__The problem__. Restate word for word the lines of the listing below, from its first line through the line with "Description :A L'EXTERIEUR, DEVANT", without the pictures.

__Given information__.

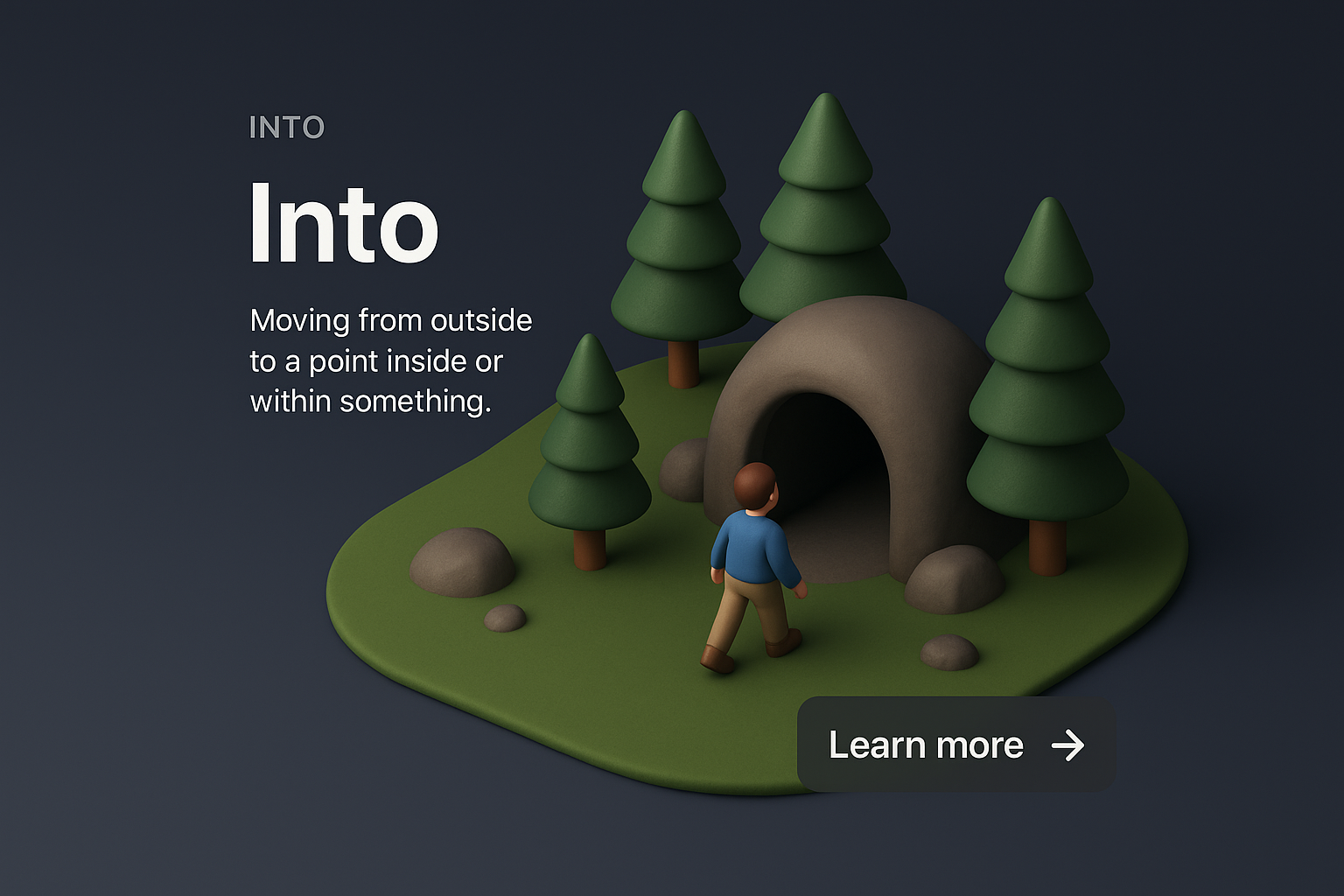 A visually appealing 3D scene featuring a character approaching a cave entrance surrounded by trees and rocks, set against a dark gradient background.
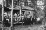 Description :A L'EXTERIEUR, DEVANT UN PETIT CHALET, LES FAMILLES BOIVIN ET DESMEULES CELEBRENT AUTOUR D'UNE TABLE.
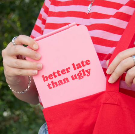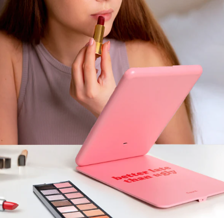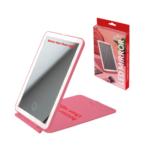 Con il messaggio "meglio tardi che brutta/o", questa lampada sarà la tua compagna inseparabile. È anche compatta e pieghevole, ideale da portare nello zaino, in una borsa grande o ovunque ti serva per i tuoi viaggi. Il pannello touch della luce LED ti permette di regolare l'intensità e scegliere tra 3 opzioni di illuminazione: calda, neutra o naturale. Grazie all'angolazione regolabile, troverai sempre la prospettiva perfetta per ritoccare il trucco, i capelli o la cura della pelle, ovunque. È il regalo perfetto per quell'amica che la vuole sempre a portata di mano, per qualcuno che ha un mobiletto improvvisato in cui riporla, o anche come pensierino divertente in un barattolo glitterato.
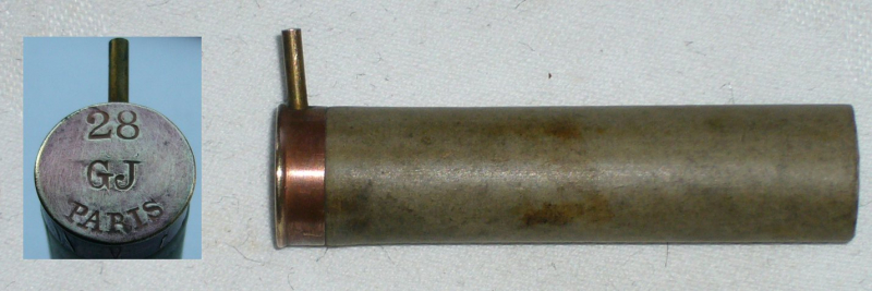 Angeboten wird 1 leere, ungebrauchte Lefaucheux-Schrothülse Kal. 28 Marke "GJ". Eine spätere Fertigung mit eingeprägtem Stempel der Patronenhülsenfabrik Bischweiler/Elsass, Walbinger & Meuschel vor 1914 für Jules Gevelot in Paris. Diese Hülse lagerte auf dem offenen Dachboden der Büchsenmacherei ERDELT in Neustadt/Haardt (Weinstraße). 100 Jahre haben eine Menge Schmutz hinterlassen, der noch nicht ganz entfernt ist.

__Completed task__.
 A visually appealing 3D scene featuring a character approaching a cave entrance surrounded by trees and rocks, set against a dark gradient background.
 Description :A L'EXTERIEUR, DEVANT UN PETIT CHALET, LES FAMILLES BOIVIN ET DESMEULES CELEBRENT AUTOUR D'UNE TABLE.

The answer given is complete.